#265. SMILING SWEETLY LIIKE A WELL-FED BABY.
- Glenn Shea

- Jul 22
- 3 min read
Updated: 2 days ago
#265. SMILING SWEETLY LIKE A WELL-FED BABY. Worst customer service story ever: I was working in a foreign-language bookshop in Cambridge, and a woman came in and told me she was looking for a gift and wanted to have something humorous in German. I told her jokingly this was a contradiction in terms. Bad call: she scowled. I brought her hastily to the store manager, the best-read person in human history. She told him she wanted something humorous in German. He snorted. A short while later, while the woman was standing at the cash register, a coworker came out and said, “I hear some lady came in here looking for something funny in German. That’s a laugh.” At which point the frowning customer finally said, “Alright, alright,” and burst out laughing. It was a narrow escape.
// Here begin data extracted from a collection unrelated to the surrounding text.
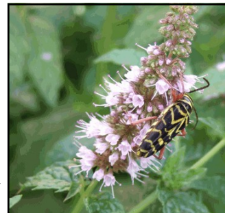
Locust Borer ( Megacyllene robiniae )

vealed that the "bee" was a long-horned beetle known as a Locust Borer. Its coloration resembles a yellowjacket wasp. Continued p.2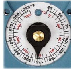
Set-point dial protected within a NEMA 7 & 9 enclosure

Class I Division 1 & 2 Group B, C, D Class II Division 2 Group E, F, G Class III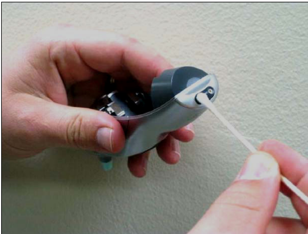
Braun external contact view.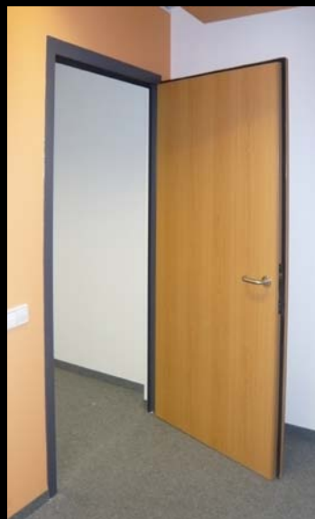
Imitation wood finish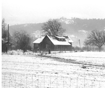
Brown's Hugo Home: 1960s

feet high. Carrol still has the old spikes that they used to climb the poles with. His uncle Ralph had been a lineman and knew what to do. They salvaged all the cross irons, copper wire, and other material from an old power line that went south from Grave Creek on the east side of Mt. Sexton to Grants Pass (i.e., the Placer Divide line that came down Jack Creek to Winona). They got the materials and moved them by horse and wagon to the Hugo side and that was what they used to develop the new line." 1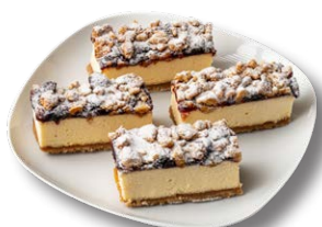
Cherry Crumble Cheesecake

Using only the finest of ingredients our slices are superior in texture, moist, delectable and bursting with flavour. These are an absolute must have.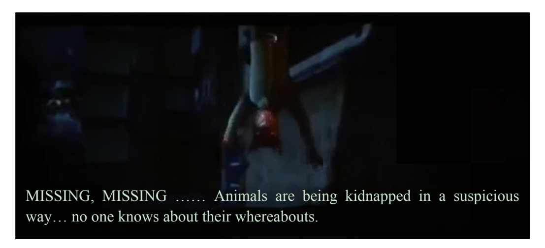
Figure 14. Animals are being kidnapped by unknown. The news broadcasted by news MNN, Monkey News Network

Animals are disappearing and no one can come to know that where those animals are going. There is an insecurity prevailing in the whole jungle. Animals stop coming out of their homes and avoid public meetings. Animals are kidnapped and are misused. They are being kidnapped for their skin, for circus and for animal testing and the clever animals are involved in their kidnapping otherwise if animals themselves would not involve, no external power would have been able to harm them. This situation also discloses the social reality prevailing in our society that until our own people or our own leaders would not have been involved in disappearing of people, no hidden power would be able to harm our people. If our own near and dear ones would not disclose the secrets no external power would have harm us.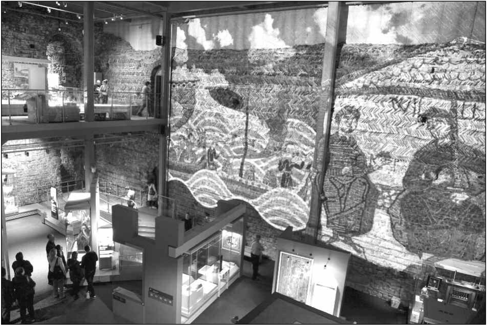
ABOVE: The Light projection highlighting the long history of the Castle site.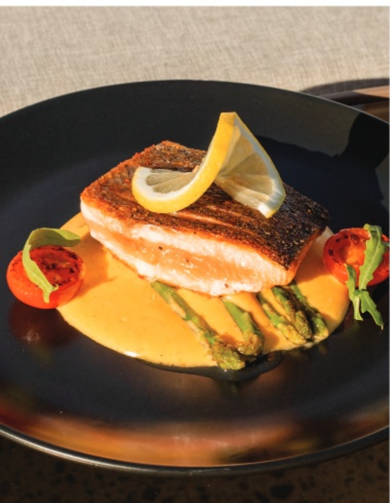
Grilled Tasmanian Salmon, Asparagus, Pan Seared Half Tomato and Mousseline Sauce 450.-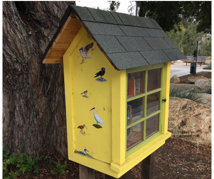
Neighborhood lending libraries such as this one on Lewis Street serve to supplement library resources and build a sense of community.

One of the most important public services is the provision of schools and the offering of quality education to the residents of the community. Schools that serve Uptown are centrally located and within walking distance to public transit. Uptown is served by five public schools: Florence, Alice Birney, and Grant Elementary Schools, Roosevelt Middle School, and San Diego High School. In addition, there are a number of charter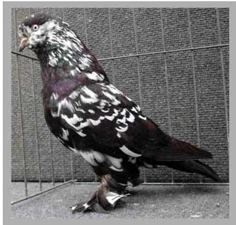
Below: Two Gray lace white bar (reduced black) baldheads. Owner: Bob Christman.

Of course all these breeds were not crossed by the same fanciers to their West's but rather these breeds were crossed singularly by various fanciers. Some crossed to get more performance (usually more tumbling), some to add some different than what was available in West's color, some to get longer and fuller muffs, some to perfect or add some marking or pattern to their West's. Some after a cross found their West's no longer flew as high and long as the original West's or no longer tumbled so they crossed another breed (usually Rollers) to their West's to get these traits back.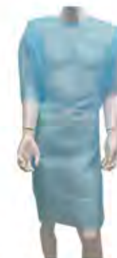
SJ14 - PP Isolation Gown with short sleeve Size: 110 x 130cm(S), 115 x 137cm(M), 120 x 140cm(L), 125 x 145cm(XL), 130 x 150cm(XXL), etc. Color: blue, green, yellow, white, etc. Material: PP non-woven. Weight: 20gm 2 , 25gm 2 , 30gm 2 , 35gm 2 , 40gm 2 , etc.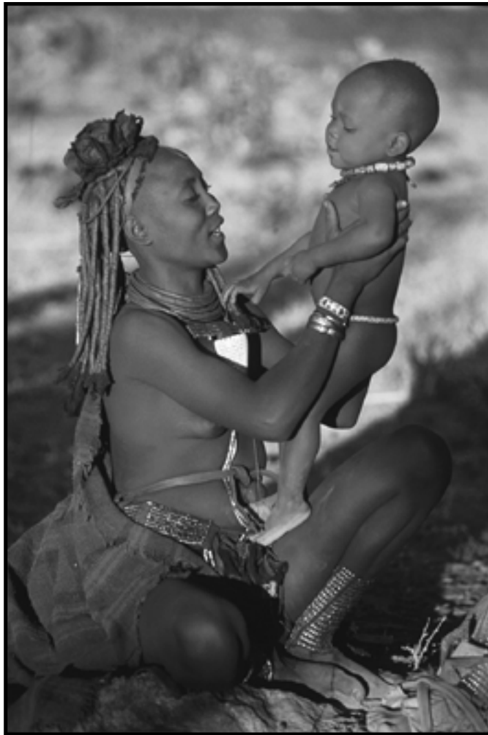
These Himba people could be displaced by Epupa Dam.

At a January 28 meeting with Nampower and US officials, the Namibian government said it wants to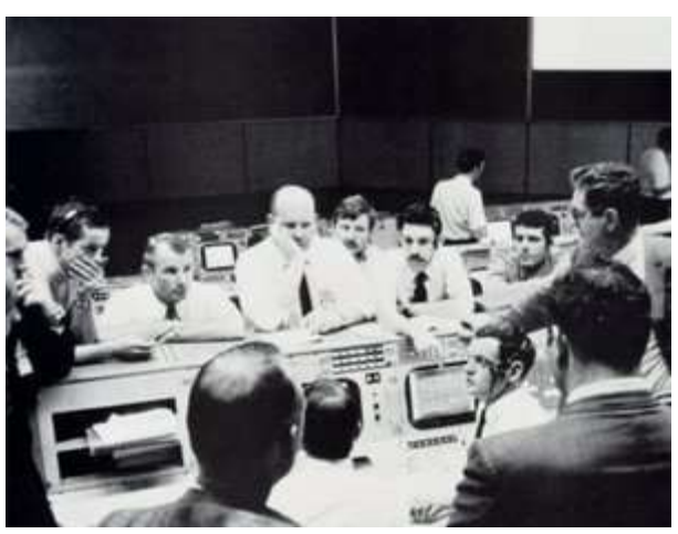
U.S.-Cuba Trade and Economic Council, Inc.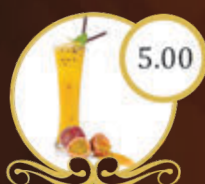
232. Nước Chanh Dây Passion Fruit Juice

BUT. For all that, we did not fail the lady. She left carrying an edition of the Galgenlieder, a book of quite wonderfully funny poems by the late nineteenth-century writer Christian Morgenstern. Morgenstern is discussed at great and serious length in studies of German literature; his familiarity with the work of Nietzsche, Heine and Goethe is extolled; he is seen as a step away from Romanticism and into Modernism, even as a precursor of Dadaism. Because he is German, and so are his commentators, his work is praised for “exploring both the absurdity of life and the complex human condition.”
Nowhere in the little that is written on Morgenstern in English could I find any suggestion that writing a book of giggle-inducing and imaginative poems—that committing the aberrant act of producing “something humorous in German”—might be an entirely sufficient accomplishment, with no ballast of philosophical weight necessary. He has been praised as his work “offers a form of existential release from the seriousness of life.” Oh—you mean he’s funny?
The seagulls by their looks suggest
that Emma is their name;
they wear a white and fluffy vest
and are the hunter’s game.
I never shoot a seagull dead;
their life I do not take.
I like to feed them gingerbread
and bits of raisin cake.
O human, you will never fly
the way the seagulls do;
but if your name is Emma, why,
be glad they look like you.
Okay, yes, there can an absurd streak in Morgenstern’s joking, and in his first series, the Galgenlieder, or Gallows Songs, a mordant streak as well. Some mild air of uncertainty sometimes colors the sky above them. Reading them, I was reminded of what Seamus Heaney wrote of Stevie Smith’s poems: “You don’t feel that the top of your head has been taken off. Rather, you have been persuaded to keep your head at all costs.” Morgenstern’s tone is a kind of becalmed hilarity.
In the railroad station, never built for her,
walks a hen
to and fro.
Where, where did the station master go?
Will not men
harm the hen?
Let’s hope not. Let’s candidly aver
that our sympathy she still enjoys,
even in this place, where she annoys.
Recently reissued by New York Review Books, one of the great pleasures of reading The Gallows Songs is in scanning and savoring Max Knight’s inspired translations, which so nicely mimic the bounce and rhymes of the originals; they are funny themselves, rather than reproductions of something funny. There is some echo of Belloc in them, and, in Morgenstern’s zoomorphic flights, the Hawkenchick, or the Nightrogue and the Sevenswine, something finely Learical. Korf, one of Morgenstern’s recurring characters, has this attributed to him:
Korf invents a novel kind of joke
which won’t take effect for many hours.
Everyone is bored when first he hears it.
But he will, as though a fuse were burning,
suddenly wake in bed at night-time,
smiling sweetly like a well-fed baby.
The Gallows Songs, Christian Morgenstern and Max Knight together, are for me none of the boredom, all of the bed and baby. Bless them.